Re: CachingFileDataStore vs DataStoreBlobStore

2020-02-21 Thread Matt Ryan
Hi Jorge,

On Fri, Feb 21, 2020 at 3:40 PM jorgeeflorez . 
wrote:

> Hi Matt, thanks a lot for your answer.
>
> If your storage is "local" (meaning it appears as a local filesystem to
> > Oak), I'd probably use OakFileDataStore.  It implements SharedDataStore
> so
> > you can share the same location with multiple instances.  For example if
> > you create a file share on a NAS and then mount that share on multiple
> > servers - even though the storage is across the network, it is mounted in
> > the filesystem and appears local.  OakFileDataStore should work well for
> > this purpose.
>
>
> I think this would be the case: I will have one or more servers, each one
> with one or more Oak instances (we handle several repositories), all
> "using" the same file store. One customer has those servers in the same
> intranet and another has them in Amazon. But in both cases I could mount a
> folder that would be "visible" to all servers, right?
>

Just be sure that any Oak instances sharing the same file location belong
to the same logical cluster.

Sharing the same file location between multiple logical instances should
"work", but certain capabilities like data store GC won't work well in that
scenario.

That doesn't mean you need a separate file server for each Oak cluster
though.  One location per cluster should work fine - they could be
different shares on the same server, or even different folders in the same
share.

One question though - you said one customer has servers in Amazon (I assume
EC2).  Where are they planning to store their binaries - in file storage
mounted by the VM or in S3?  They may wish to consider using an S3 bucket
instead and using S3DataStore - might cost less.



>
> Do you think it would be best to use OakFileDataStore over, for example
> CachingFileDataStore? to keep things "simple"?
>

TBH I don't see what caching gives you in this scenario.  The caching
implementation will maintain a local cache of uploaded and downloaded
files; the intent would be to improve latency, but caches also always add
complexity.  With OakFileDataStore the files are already "local" anyway -
even if across a network I don't know how much the cache buys you in terms
of performance.



>
> As for DataStoreBlobStore - DataStoreBlobStore is a wrapper around a class
> > that implements DataStore to make it look like a BlobStore.
> >
> > I have been using something like this to setup my repository, I do not
> know if there is another way...
>
> FileDataStore fds = new FileDataStore();
> File dir = ...;
> fds.init(dir.getAbsolutePath());
> DataStoreBlobStore dsbs = new DataStoreBlobStore(fds);
> DocumentNodeStore docStore = new MongoDocumentNodeStoreBuilder().
> setMongoDB("mongodb://user:password@" + host + ":" +
> port, "repo1", 16).
> setClusterId(123).
> setAsyncDelay(10).
> setBlobStore(dsbs).
> build();
>
>
That looks like the right idea - other than I'd use OakFileDataStore
instead of FileDataStore.


-MR


Re: CachingFileDataStore vs DataStoreBlobStore

2020-02-21 Thread jorgeeflorez .
Hi Matt, thanks a lot for your answer.

If your storage is "local" (meaning it appears as a local filesystem to
> Oak), I'd probably use OakFileDataStore.  It implements SharedDataStore so
> you can share the same location with multiple instances.  For example if
> you create a file share on a NAS and then mount that share on multiple
> servers - even though the storage is across the network, it is mounted in
> the filesystem and appears local.  OakFileDataStore should work well for
> this purpose.


I think this would be the case: I will have one or more servers, each one
with one or more Oak instances (we handle several repositories), all
"using" the same file store. One customer has those servers in the same
intranet and another has them in Amazon. But in both cases I could mount a
folder that would be "visible" to all servers, right?

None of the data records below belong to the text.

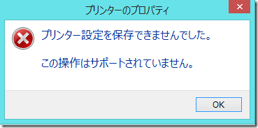 プリンター設定を保存できませんでした。この操作はサポートされていません。
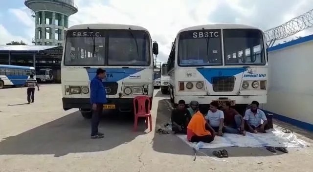 রামপুরহাট এসবিএসটিসি বাস ডিপোতে অনির্দিষ্ট কালীন অবস্থান বিক্ষোভ ও কর্মবিরতি
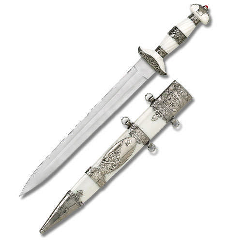 This classic collectible sword is smothered with historical engravings commemorating those who so bravely fought during the Vietnam War. Featuring a 13" mirror polished stainless steel blade. The ivory and silver sculpted handle coordinates with the classic sheath. 19 1/2" overall.
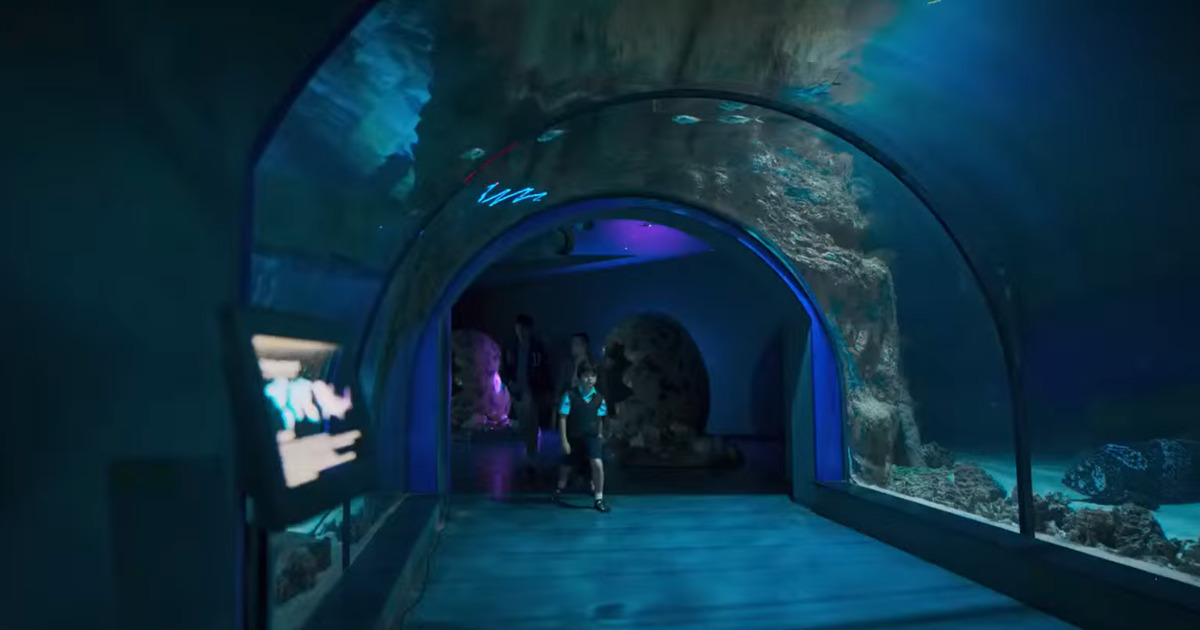 Океанариум на территории с ВДНХ с большим количеством аквариумов.
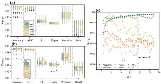 As depicted in Figure 3a, the mean values of accuracy, AUC, F1, kappa, and precision reached their peaks when Ntree was set to 1000. Concurrently, the mean value of recall was notably high. Hence, based on this observation (i.e., Ntree = 1000), as illustrated in Figure 3b, the highest mean values for accuracy, AUC, F1, kappa, precision, and recall were achieved when Mtry equaled 2. More specifically, as demonstrated in Figure 3c, with Ntree set at 1000 and Mtry at 2, a fluctuating trend was observed in the model metrics when ratio was less than 19. Accuracy oscillated within the range of 96.07–99.47%, kappa within 0.9208–0.9520, F1 within 0.9366–0.9636, AUC within 0.9843–0.9940, precision within 0.9559–0.9971, and recall within 0.9065–0.9483. However, the model metrics achieved stability when ratio exceeded or equaled 19. During this phase, accuracy fluctuated between 99.49% and 99.60%, kappa between 0.9370 and 0.9473, F1 between 0.9393 and 0.9498, AUC between 0.9881 and 0.9940, precision between 0.9459 and 0.9498, and recall between 0.9233 and 0.9434. Therefore, considering the metrics and the computational overhead of the model, the parameters Ntree, Mtry, and ratio within the SCDM were determined as 1000, 2, and 19, respectively.
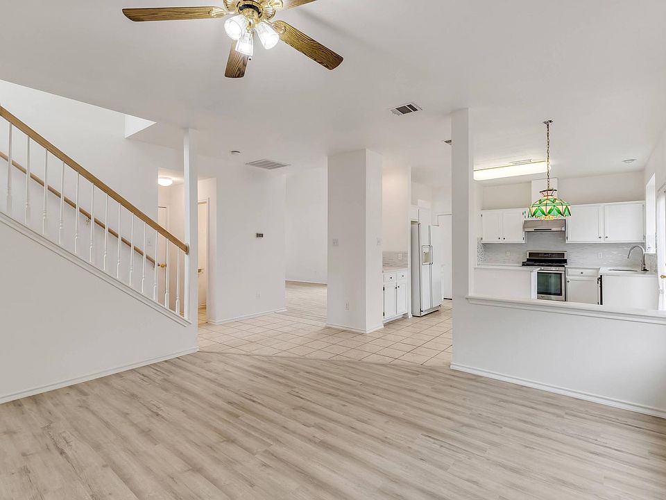 Freshly painted most rooms. Newly painted white kitchen cabinets. New waterproof vinyl plank floor in all rooms. No carpets. New quartz countertop in kitchen and master bathroom. Large game room upstairs with closet. Sprinkler system. White refrigerator included. $25 pet rent/pet. $300 pet deposit/pet.
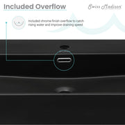 - Overflow: Equipped with an overflow that offers easy installation, spill prevention, and space-saving properties.
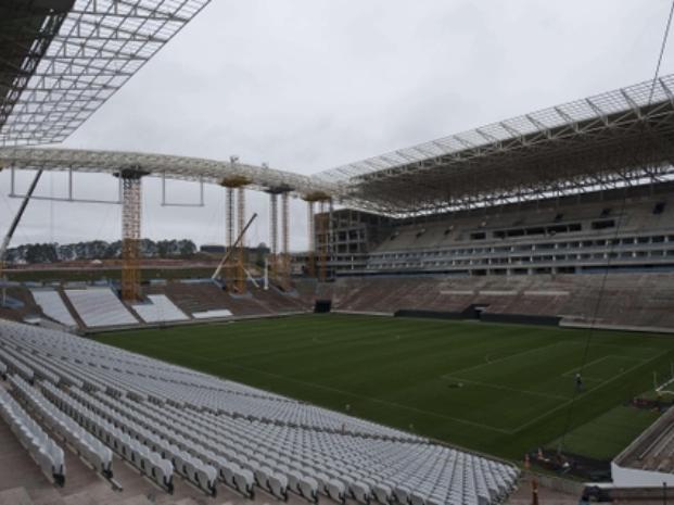 Fábio Hamilton da Cruz, de 23 anos, aparece com equipamento de segurança em imagens registradas no mesmo dia de sua morte, na obra do estádio do Timão
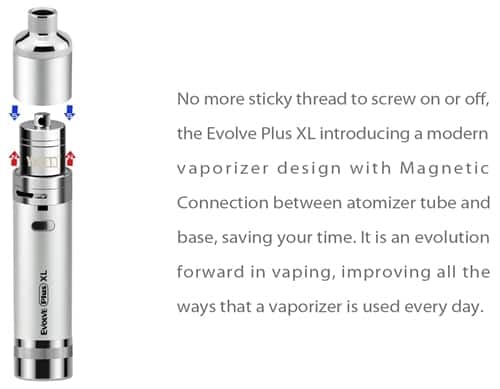 No more sticky thread to screw on or off,the Evolve Plus XL introducing a modern vaporizer design with Magnetic Connection between atomizer tube and base,saving your time.It is an evolution forward in vaping,improving all the ways that a vaporizer is used every day.

Do you think it would be best to use OakFileDataStore over, for example
CachingFileDataStore? to keep things "simple"?

As for DataStoreBlobStore - DataStoreBlobStore is a wrapper around a class
> that implements DataStore to make it look like a BlobStore.
>
> I have been using something like this to setup my repository, I do not
know if there is another way...

FileDataStore fds = new FileDataStore();
File dir = ...;
fds.init(dir.getAbsolutePath());
DataStoreBlobStore dsbs = new DataStoreBlobStore(fds);
DocumentNodeStore docStore = new MongoDocumentNodeStoreBuilder().
setMongoDB("mongodb://user:password@" + host + ":" +
port, "repo1", 16).
setClusterId(123).
setAsyncDelay(10).
setBlobStore(dsbs).
build();


Jorge


El vie., 21 feb. 2020 a las 16:36, Matt Ryan ()
escribió:

> Hi,
>
> I think I probably will need a bit more information about your use case to
> know how to help you best; can you provide a bit more detail about your
> environment and what you are hoping to accomplish?
>
> If your storage is "local" (meaning it appears as a local filesystem to
> Oak), I'd probably use OakFileDataStore.  It implements SharedDataStore so
> you can share the same location with multiple instances.  For example if
> you create a file share on a NAS and then mount that share on multiple
> servers - even though the storage is across the network, it is mounted in
> the filesystem and appears local.  OakFileDataStore should work well for
> this purpose.
>
> The other common use case for a shared storage location is cloud-based
> storage, like AWS S3.  In this case use S3DataStore (for AWS S3) or
> AzureDataStore (for Microsoft Azure Blob Storage).
>
> Do you have a different use case than one of these?
>
>
> As for DataStoreBlobStore - DataStoreBlobStore is a wrapper around a class
> that implements DataStore to make it look like a BlobStore.  For reasons
> I'm not fully aware of (happened before my time - probably historical),
> binary object storage in Oak is usually available as an implementation of
> the Jackrabbit DataStore interface but Oak interacts with these as
> BlobStores.  You will usually set up your repository something like this:
>DataStore ds = new OakFileDataStore(); // or whatever DataStore type you
> choose
>ds.init(dataStoreHomeDirectory);
>BlobStore blobStore = new DataStoreBlobStore(ds);
> Then you would use the blobStore to create the FileStore that your node
> store requires.
>
>
> -MR
>
> On Fri, Feb 21, 2020 at 2:03 PM jorgeeflorez . <
> jorgeeduardoflo...@gmail.com>
> wrote:
>
> > Hi,
> > I am trying to pick one data store with the purpose of avoiding binary
> > storage in MongoDB blobs collection. I would like to know which should I
> > choose to be used in production.
> > I have explored a bit (1.12 version) and my guess is that
> > DataStoreBlobStore should be used when you want to store files in a local
> > directory (one oak instance only accessing the files) whereas
> > CachingFileDataStore should be used if the folder where you want to store
> > files is located in another host and can be seen from the machine running
> > Oak (several Oak instances can be accessing the files). Is this correct?
> >
>


Re: CachingFileDataStore vs DataStoreBlobStore

2020-02-21 Thread Matt Ryan
Hi,

I think I probably will need a bit more information about your use case to
know how to help you best; can you provide a bit more detail about your
environment and what you are hoping to accomplish?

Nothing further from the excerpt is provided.